Un nuevo estudio paleontológico ha puesto patas arriba la historia de la conquista de la tierra firme. Los científicos han descubierto que los antepasados de anfibios, reptiles y mamíferos no pasaron por una fase larvaria acuática con branquias externas como los renacuajos actuales. Esto sugiere que la transición del agua a la tierra fue un proceso más rápido y directo, sin rodeos evolutivos.
El fósil que reescribe la transición evolutiva 🦴
El hallazgo se basa en el análisis de fósiles de tetrápodos primitivos del Devónico. Al estudiar sus estructuras óseas y patrones de crecimiento, los paleontólogos notaron la ausencia de características propias de una etapa larvaria.

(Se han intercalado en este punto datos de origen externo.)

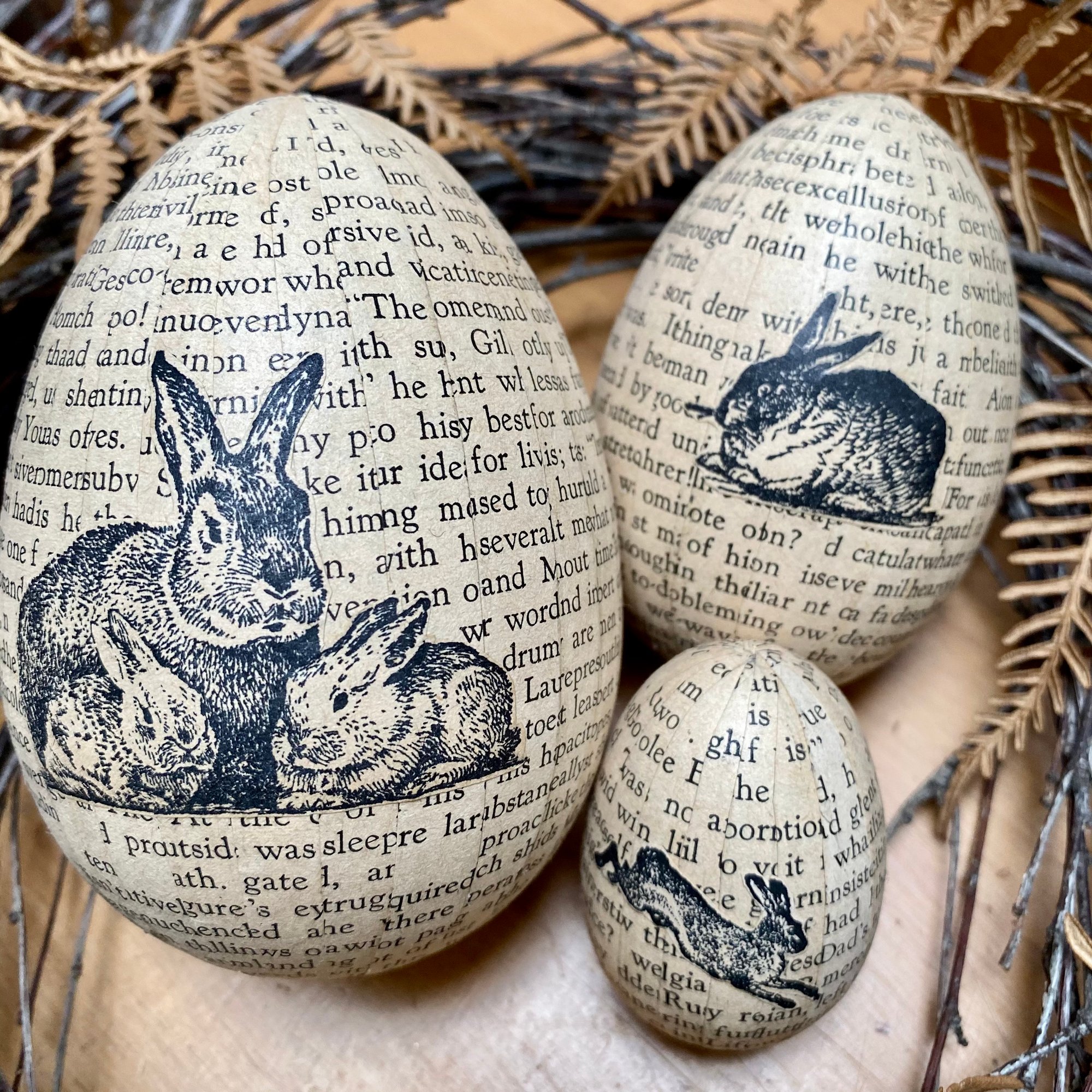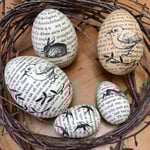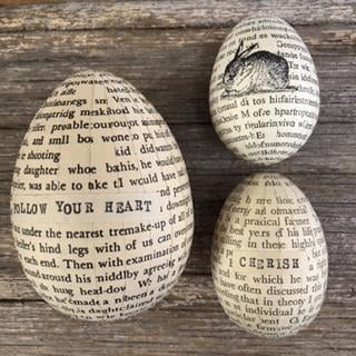 Each egg is carefully covered in a range of vintage book paper. The texts and fonts all vary and the eggs are also hand stamped with a range of carefully selected words and collaged images.

Esto indica que estos vertebrados desarrollaron pulmones y extremidades funcionales para la vida terrestre de forma temprana, saltándose el paso de branquias externas. La tecnología de escaneo 3D de alta resolución fue clave para confirmar este desarrollo directo sin fases acuáticas intermedias.
Renacuajos: la moda juvenil que llegó después 🐸
Resulta que los renacuajos no son un modelo ancestral, sino un invento tardío de algunos anfibios. Es como si los animales hubieran decidido que, después de todo, estar en el agua de jóvenes no estaba mal. Un poco como el que se muda a tierra firme pero sigue yendo a la piscina municipal los fines de semana. La evolución, al final, es cuestión de gustos y adaptaciones secundarias.